* TASK DIRECTIONS
Repeat the data in full. Drop every picture.

* GIVEN MATERIAL
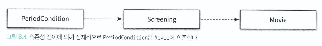 PeriodCondition 클래스의 의존성 ![]() 2. 의존성 전이Screening이 가지고 있는 의존성 : Movie, LocalDateTime, Customer PeriodCondition이 가지고 있는 의존성 : DayOfWeek, LocalTime, Screening
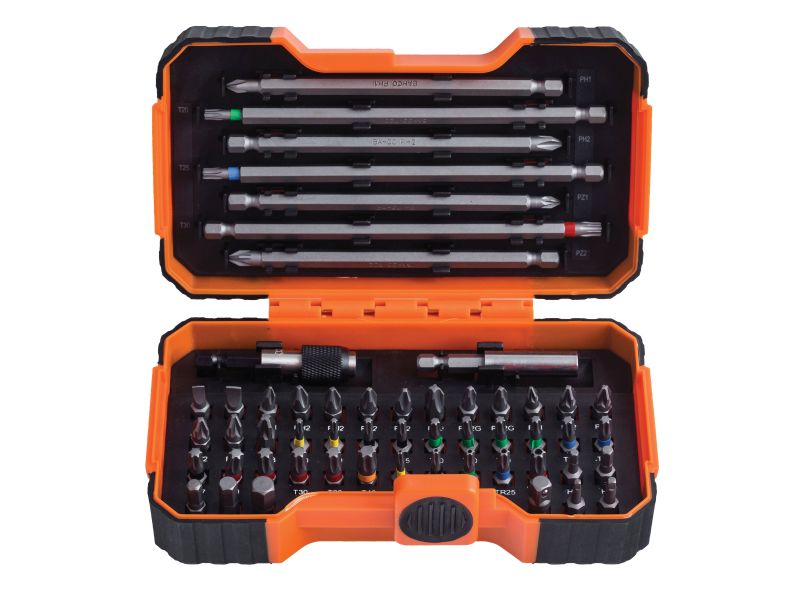 the bahco 59/s54bc colour-coded bit set contains a wide selection of bits suitable for universal use. each bit is made from high-performance alloy steel. supplied in a durable carry case.
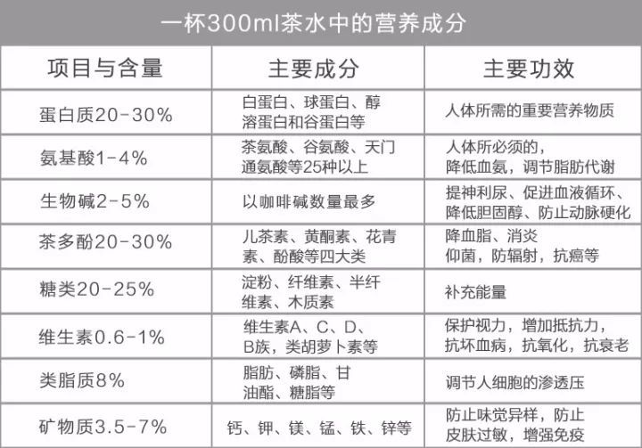 據(jù)科學(xué)家分析和鑒定,茶葉中含有300多種對人體有益的化學(xué)成分。其中包含大量的蛋白質(zhì)、氨基酸、脂肪、碳水化合物、礦物質(zhì)、微量元素以及維生素,其中維生素多達(dá)10余種,泡茶時多數(shù)可溶解在水中,能被充分利用。

* FINAL ANSWER
 PeriodCondition 클래스의 의존성 ![]() 2. 의존성 전이Screening이 가지고 있는 의존성 : Movie, LocalDateTime, Customer PeriodCondition이 가지고 있는 의존성 : DayOfWeek, LocalTime, Screening
 the bahco 59/s54bc colour-coded bit set contains a wide selection of bits suitable for universal use. each bit is made from high-performance alloy steel. supplied in a durable carry case.
 據(jù)科學(xué)家分析和鑒定,茶葉中含有300多種對人體有益的化學(xué)成分。其中包含大量的蛋白質(zhì)、氨基酸、脂肪、碳水化合物、礦物質(zhì)、微量元素以及維生素,其中維生素多達(dá)10余種,泡茶時多數(shù)可溶解在水中,能被充分利用。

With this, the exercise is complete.